Cells were seeded at 10,000 cells per well in 48 well plates. Twenty four hours after seeding, cells medium was changes to either complete or glucose-free DMEM containing SytoxGreen (200 nM, ThermoFisher). Cells were imaged on an IncuCyte S3 live cell analysis system (Sartorius). Four images per well were taken at 60-min intervals for 48 h, then switched to 6-hour intervals for the remaining 24 h for a total of 72 h. The relative proportion of dead cells was determined by dividing SytoxGreen-positive cells by confluence using IncuCyte software.
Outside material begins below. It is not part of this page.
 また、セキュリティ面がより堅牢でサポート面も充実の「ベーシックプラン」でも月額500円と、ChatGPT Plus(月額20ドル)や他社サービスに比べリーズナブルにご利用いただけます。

Purification of ubiquitin affinity reagents

The M1-SUB (GST-NEMO-CoZi-His) and M1-Trap (GST-OTULIN80-348-His; C129A) were purified from E. coli BL21(DE3) by IMAC or GST purification. Full experimental details are provided in the Supplementary Methods.

Purification of recombinant E1, E2, and LUBAC

A single co-expressing LUBAC, consisting of full-length human HOIP, HOIL-1, and SHARPIN, generated using the pBIG cloning strategy [68] and purified from Sf9 cells. E1 (human UBA1) was purified from Sf9 cells and E2 (human UBE2D2) purified from Rosetta DE3 E. coli as previously described [69]. Full experimental details are provided in the Supplementary Methods.
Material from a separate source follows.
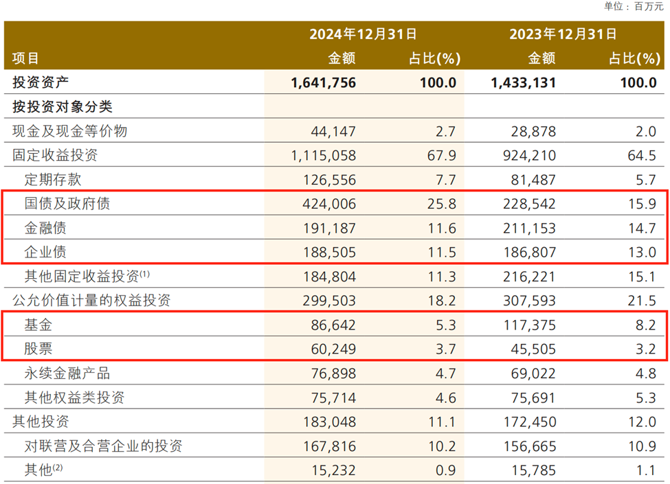 我们从报表中可以看到,中国人保2024年投资组合中,固定收益投资占比67.9%,投资总额达1.12万亿元。其中,国债及政府债投资总额达4240.06亿元,金额较2023年同期大幅增长85.53%,配置占比为25.8%;配置的金融债为1911.87亿元,同比缩减了9.46%,占比达11.6%;企业债则为1885.05亿元,同比小幅增加了0.91%,占比总投资资产的11.5%。

In vitro ubiquitination assay

HEK293T cells were transfected with plasmids encoding HA-tagged AMPKα1 and AMPKα2 in a 1:1 ratio and immunoprecipitated using anti-HA beads (Thermo Scientific). Beads with purified HA-tagged AMPKα1/2 were resuspended in reaction buffer (40 mM HEPES (pH 7.3), 10 mM MgCl2, 0.6 mM DTT) including 150 µM Ub, 100 nM E1 (UBA1), 500 nM E2 (UBE2D2), 1 µM LUBAC, and 10 mM ATP in a reaction volume of 50 µL per sample. Samples were incubated at 37 °C on a shaker at 1300 rpm. Reactions were stopped by adding DTT to a final concentration of 10 mM. Bound material was eluted and denatured in LSB for 2 min at 70 °C before analysis by Coomassie staining or immunoblotting.
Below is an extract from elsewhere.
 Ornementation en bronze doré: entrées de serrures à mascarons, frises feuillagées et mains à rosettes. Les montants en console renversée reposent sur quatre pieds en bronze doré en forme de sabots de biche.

Nucleotide extraction and measurement of ATP, ADP and AMP

Nucleotides were extracted and analysed by liquid chromatography-tandem mass spectrometry (LC-MS/MS) on a TSQ Quantiva interfaced with Ultimate 3000 Liquid Chromatography system (Thermo-Scientific) as described previously [70]. Full experimental details are provided in the Supplementary Methods. The relative abundances of AMP, ADP and ATP were converted to AEC defined as:

$${{\rm{AEC}}}=\frac{[{{\rm{ATP}}}]\times 0.5[{{\rm{ADP}}}]}{[{{\rm{ATP}}}]+[{{\rm{ADP}}}]+[{{\rm{AMP}}}]}$$

Proteomics and phosphoproteomics

Proteomic and phosphoproteomic analyses were performed LC-MS/MS on Q-Exactive or Exploris instruments (Thermo Fisher Scientific). Enrichment, analyses, and quantification relied on label-free or TMT-based workflows, with stringent filtering, normalisation, imputation, and statistical testing using limma as previously described [71,72,73,74]. Differential protein and phosphosite regulation, pathway mapping, clustering, and kinase-substrate enrichment analyses were performed in R [75,76,77,78]. Full experimental details are provided in the Supplementary Methods.

Statistical testing

Data are presented as mean ± standard error of the mean (SEM). The sample size (n) is the number of independent biological replicates for each experiment. Sample numbers for each experiment are provided in the figures and figure legends. Statistical analyses were performed using R (Posit) or GraphPad Prism. Depending on the data structure and distribution, the following tests were applied: Student’s t-test for parametric two-group comparisons, Mann–Whitney U test for non-parametric two-group comparisons, Two-way ANOVA followed by Tukey’s post-hoc test for multiple group comparisons, or Fisher’s exact test for categorical data. Where applicable, corrections for multiple comparisons were applied. For time-course comparisons of densitometric immunoblot analyses, generalised additive models (GAMs) were used in R to account for non-linear dynamics over time. Statistical significance is reported as: ns (not significant, p > 0.05), * (p < 0.05), ** (p < 0.01), *** (p < 0.001), **** (p < 0.0001).